Dante Disparte, the leader of Circle's government work, on July 18 published a set of 19 principles for stablecoin regulation, as part of the company's efforts to shape US stablecoin policy.
The principles are fairly familiar to those following the debate over stablecoin issuance, particularly the requests that the industry has been making: privacy, continued issuance by non-banks, and co-existence alongside a potential central bank digital currency. Circle issues USDC, which has a total supply of $45 billion, making it the second-largest stablecoin after Tether.
Regarding the non-bank issuance — a sticking point in policy discussions — Disparte wrote:
"The preservation of bank and non-bank dollar digital currency issuance promotes competition, a level playing field, and rules-based upgrades in the financial system. Bank-like risks should be addressed with scale-appropriate bank grade levels, including asset liability management, operational and enterprise risk management considerations."

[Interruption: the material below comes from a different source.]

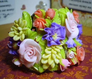 - Источником моих знаний стал интернет. Сейчас я использую несколько техник работы с пластикой. Это и плавный переход цвета для большей реалистичности, скажем, тех же лепестков цветка, филигрань, технику трости. В основном, в моих работах представлены цветочные композиции в миниатюре. Создать маленький цветок в реалистичном виде, особенно когда таких цветочков в украшении штук 50 - нелегкая задача.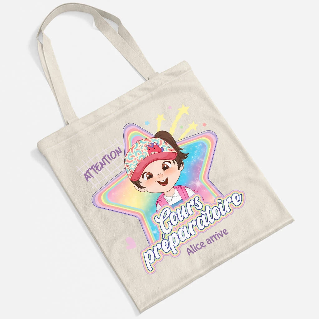 Faites une rentrée pleine de fierté et de couleurs avec ce tote bag personnalisé maternelle orné d’une illustration adorable et du prénom de votre enfant. Avec son grand motif étoile irisée et la mention “Attention Petite Section – [Prénom] arrive”, ce sac personnalisé rentrée scolaire devient un vrai symbole d’entrée à l’école !

Disparte testified before the Senate on the subject of stablecoins in December. At the time, he already was advocating for a similar multi-pronged approach to stablecoin regulation, which the industry has largely asked for. In contrast, the Treasury has pushed to limit issuance to "insured depository institutions," which are generally banks. Circle CEO Jeremy Allaire also has been a familiar figure in Congressional hearings on crypto.
Circle recently joined Paxos as stablecoin issuers that disclose the specific Treasury securities they hold in reserves. Alongside cash, short-term T-bills have become a standard acceptible reserve for fiat-backed stablecoins.
Disparte had been involved in the committee handling government affairs for Facebook's unsuccessful Diem, formerly known as Libra, stablecoin project.
A representative for Circle had not returned a request for comment as of publication time.